Given material ▸
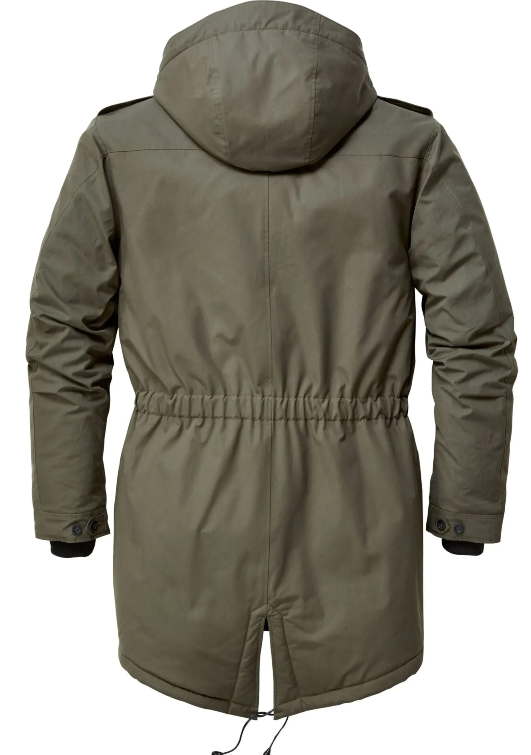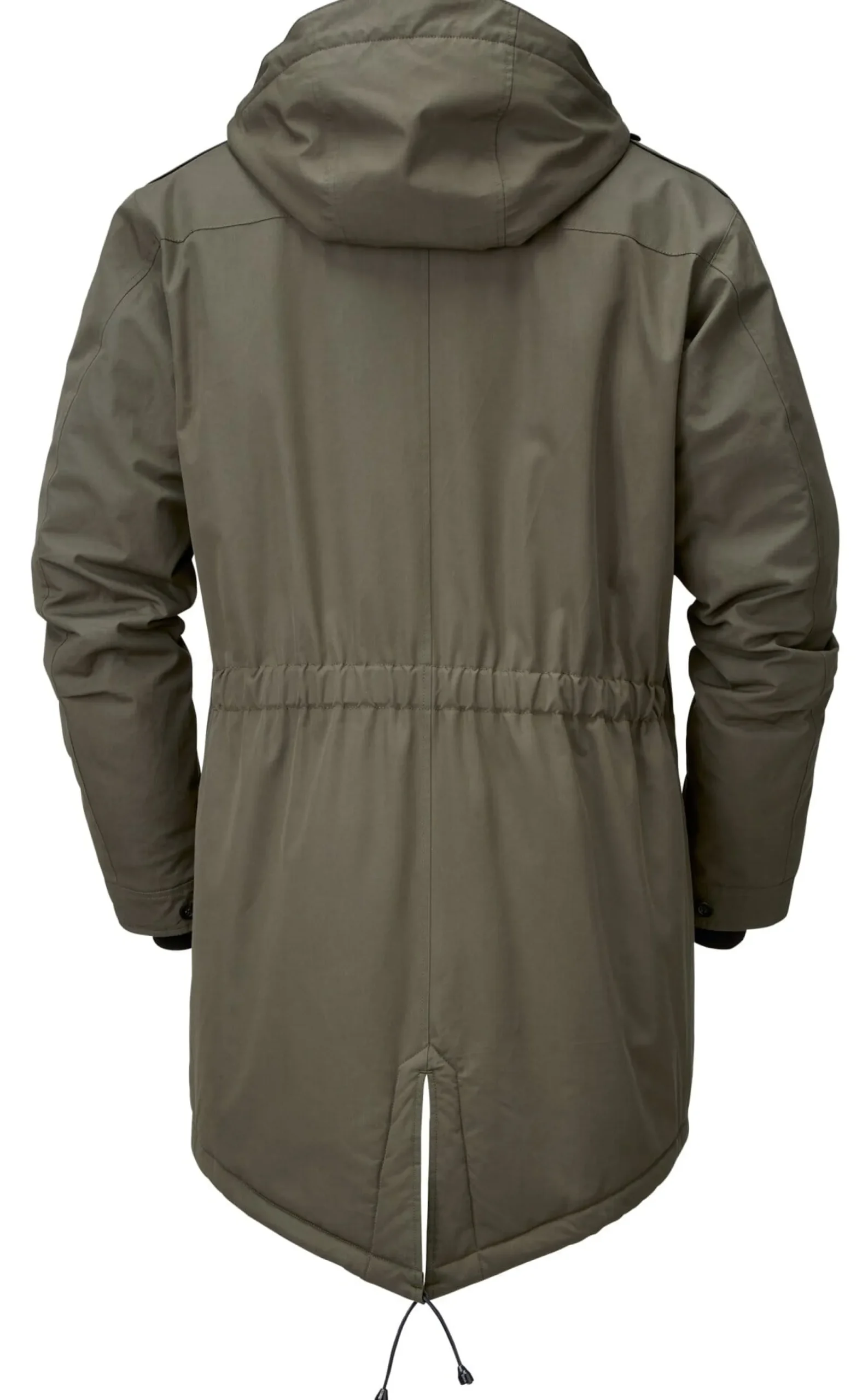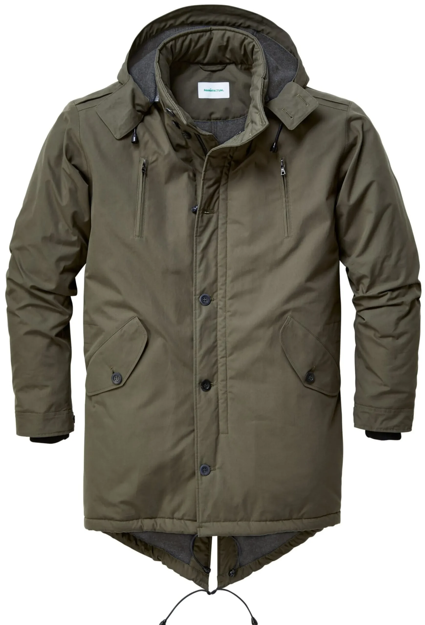Vom Schnitt her eindeutig ein Parka: eher lang mit Schwalbenschwanz und Kapuze. Wir lassen ihn in einer winterfesten und detailreichen Ausführung konfektionieren. Über dem Zweiwegereißverschluss von Riri liegt eine knöpfbare Blende, die Ärmelöffnungen sind mit eng anliegenden, windabweisenden Strickbündchen ausgestattet. Die abnehmbare Kapuze ist ebenso wie der gesamte Parka wattiert. Der wärmende Effekt dieser Wattierung wird vom wollenen Futter noch verstärkt, das Obermaterial des Parkas ist EtaProof®. Tunnelzüge in der Kapuze, auf Taillenhöhe und am Rumpfsaum ermöglichen eine individuelle Weitenanpassung. Zwei eingesetzte geknöpfte Pattentaschen vorn, zwei senkrecht eingesetzte Reißverschlusstaschen auf der Brust und zwei Innentaschen nehmen Kleinteile des täglichen Bedarfs auf.
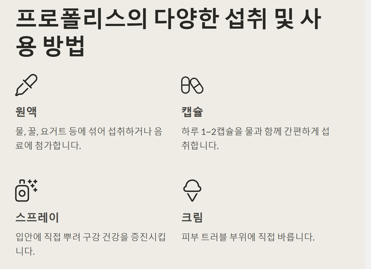 프로폴리스는 다양한 형태로 섭취할 수 있습니다.
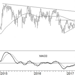 Met de doorbraak boven de weerstand op €228 komt de dalende trend tot een einde. Tegelijkertijd zien wij dat de koers terug is boven het 40-weeks gemiddelde en dat de MACD-indicator de nullijn naar boven toe kruist. Allemaal aanwijzingen dat de verkoopdruk is weggenomen en daarmee ook het neerwaartse risico. In de komende weken ontstaat zelfs wat opwaarts potentieel.

Assignment ▸ Only text belongs in the copy: repeat each line of the data exactly and leave out the pictures.

Solution ▸
Vom Schnitt her eindeutig ein Parka: eher lang mit Schwalbenschwanz und Kapuze. Wir lassen ihn in einer winterfesten und detailreichen Ausführung konfektionieren. Über dem Zweiwegereißverschluss von Riri liegt eine knöpfbare Blende, die Ärmelöffnungen sind mit eng anliegenden, windabweisenden Strickbündchen ausgestattet. Die abnehmbare Kapuze ist ebenso wie der gesamte Parka wattiert. Der wärmende Effekt dieser Wattierung wird vom wollenen Futter noch verstärkt, das Obermaterial des Parkas ist EtaProof®. Tunnelzüge in der Kapuze, auf Taillenhöhe und am Rumpfsaum ermöglichen eine individuelle Weitenanpassung. Zwei eingesetzte geknöpfte Pattentaschen vorn, zwei senkrecht eingesetzte Reißverschlusstaschen auf der Brust und zwei Innentaschen nehmen Kleinteile des täglichen Bedarfs auf.
 프로폴리스는 다양한 형태로 섭취할 수 있습니다.
 Met de doorbraak boven de weerstand op €228 komt de dalende trend tot een einde. Tegelijkertijd zien wij dat de koers terug is boven het 40-weeks gemiddelde en dat de MACD-indicator de nullijn naar boven toe kruist. Allemaal aanwijzingen dat de verkoopdruk is weggenomen en daarmee ook het neerwaartse risico. In de komende weken ontstaat zelfs wat opwaarts potentieel.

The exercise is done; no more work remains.